Most often, of course, polling firms break down a given sample by region or by gender and while those subdivisions are useful to help understand each party’s behaviour, this may be at least as and possibly more useful.
For example: We’ve seen the federal NDP recently frame any of their economic and fiscal pronouncements, Question Period lines, and so on around “affordability.” Presumably, “affordability” is a highly populist way of talking about the economy, even an extension of Jack Layton’s metaphor of the “kitchen table” around which working class families would gather to assess their place in the world and their governments interest in helping them secure their place in the world. This framing, presumably, gives them an angle into those Abacus would identify as “populist” CPC-NDP switchers.
To quote from the Abacus commentary:
The point of this exercise is to first demonstrate that voters can view multiple parties and party leaders as acceptable or even good economic managers. This has consequences for the role these opinions can play in affecting voter intention. If voters, for example, in the Progressive non-partisan group view both Trudeau and Mulcair as equally able to manage the economy, then vote choice may come down to another factor such as leadership attributes, candidate selection, or another prominent issue.

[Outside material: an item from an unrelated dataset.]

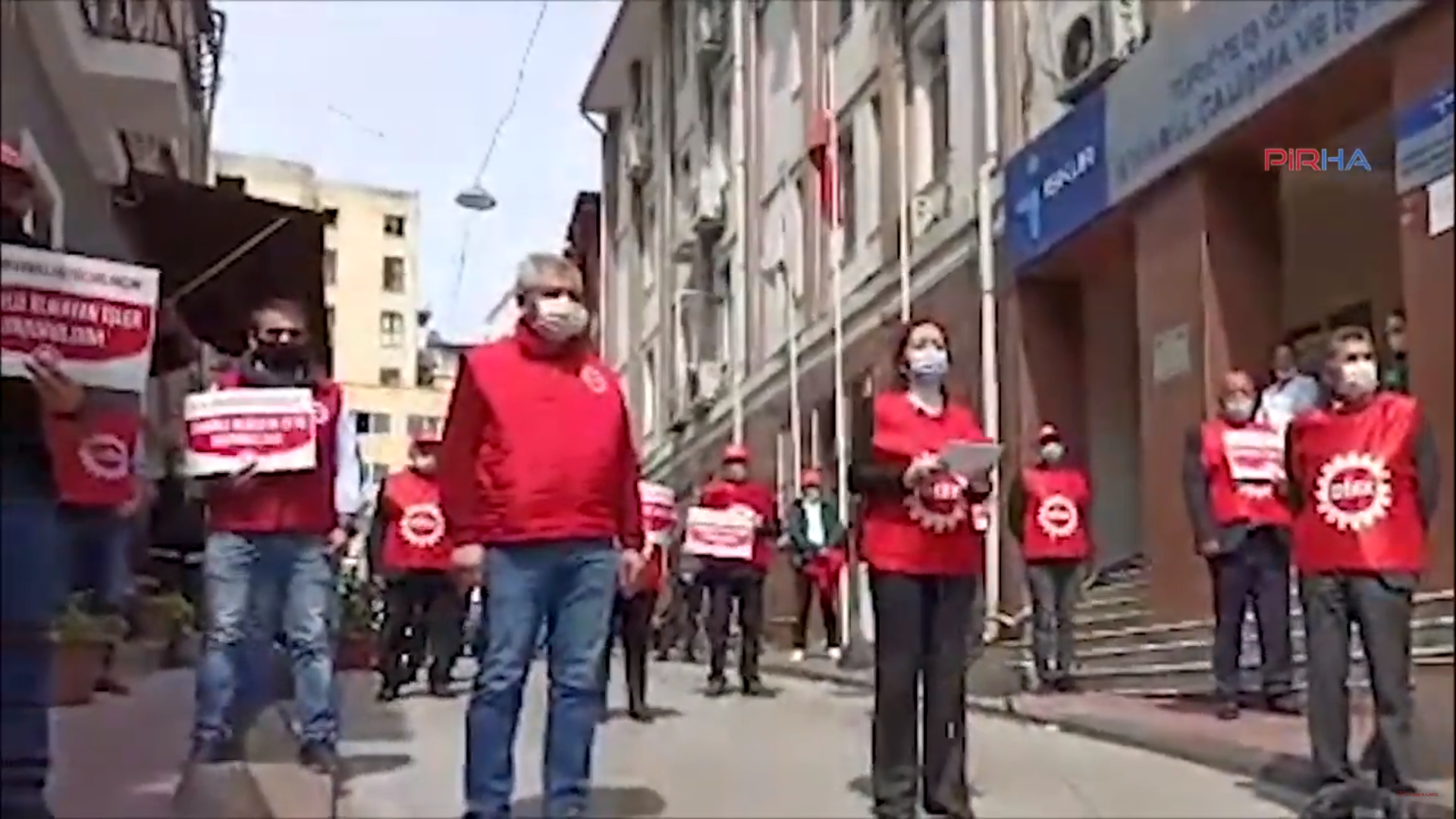 PİRHA-Türkiye Devrimci İşçi Sendikaları Konfederasyonu (DİSK), AKP hükümetinin “İşten çıkarma yasaklanıyor” propagandasıyla sunduğu fakat ücretsiz izinleri yasalaştıracak olan torba yasa tasarısına karşı İstanbul Çalışma ve İş Kurumu (İŞKUR) Müdürlüğü önünde açıklama yaptı. DİSK Genel Başkanı Arzu Çerkezoğlu, “Şu ana kadar 257 üyelerinde koronavirüs tespit edildiğini, 407’sinin karantinada olduğunu ve 3’ünün de yaşamını yitirdiğini belirterek, işten çıkarmaların derhal yasaklanması için hükümete çağrıda bulundu.

Second, by looking at the electorate not as a single uniform group but as one made up of different groups of voters with different intentions and preferences, it becomes clear that just because more people view Stephen Harper and the Conservatives as poor economic managers than the other parties does not mean they cannot be re-elected in 2015. However, the results demonstrate that they will need to work hard to convert almost all those who would consider voting Conservative to actually vote Conservative – especially when 12% of the electorate is open to voting either Conservative or Liberal.